Exercise data:
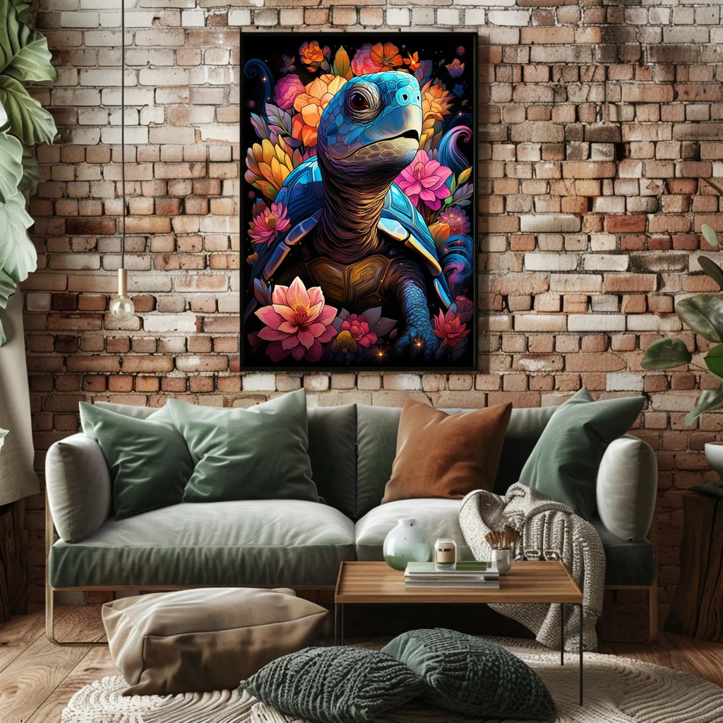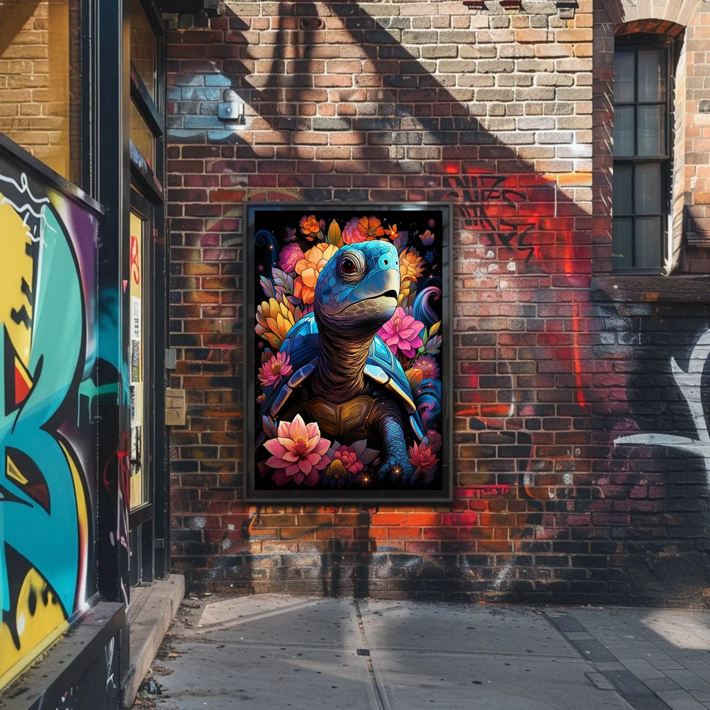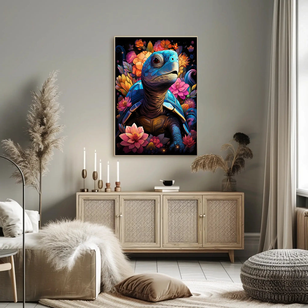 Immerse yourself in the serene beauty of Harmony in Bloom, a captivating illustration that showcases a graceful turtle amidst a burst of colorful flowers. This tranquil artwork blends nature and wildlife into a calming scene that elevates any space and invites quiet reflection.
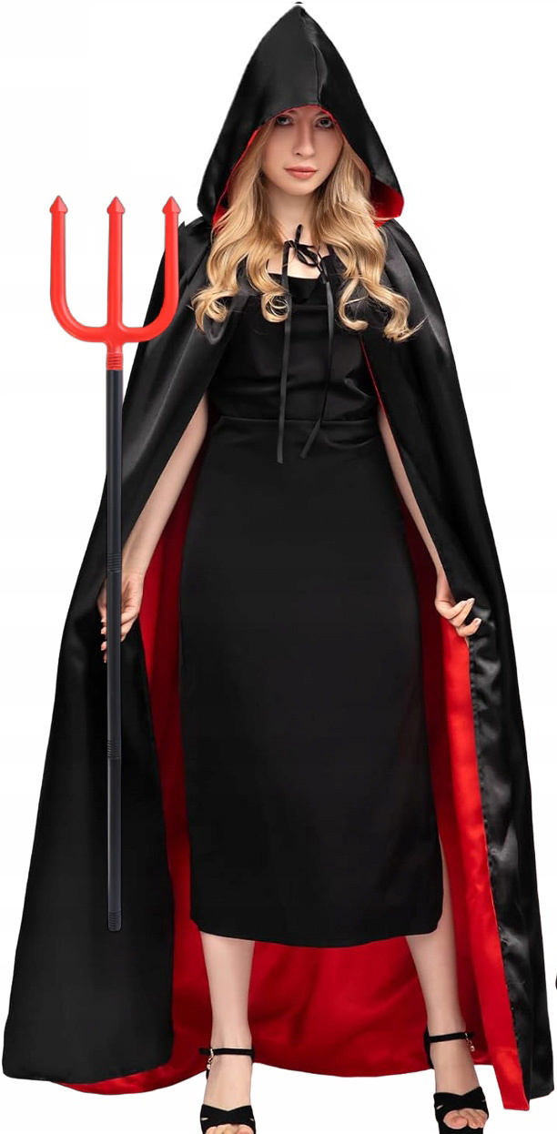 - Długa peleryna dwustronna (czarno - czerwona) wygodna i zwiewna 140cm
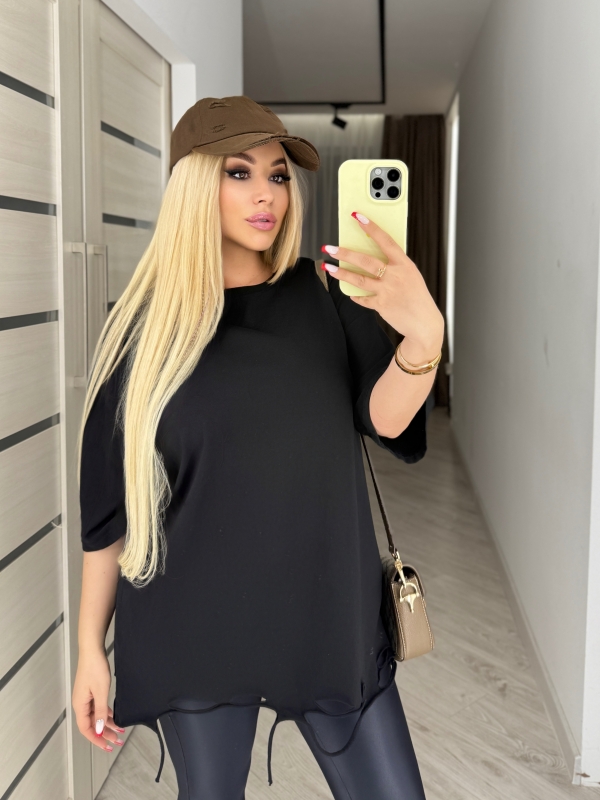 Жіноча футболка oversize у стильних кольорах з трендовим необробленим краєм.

Problem description: If a picture appears in the data, omit it; transcribe all the rest exactly.

Result of this exercise:
 Immerse yourself in the serene beauty of Harmony in Bloom, a captivating illustration that showcases a graceful turtle amidst a burst of colorful flowers. This tranquil artwork blends nature and wildlife into a calming scene that elevates any space and invites quiet reflection.
 - Długa peleryna dwustronna (czarno - czerwona) wygodna i zwiewna 140cm
 Жіноча футболка oversize у стильних кольорах з трендовим необробленим краєм.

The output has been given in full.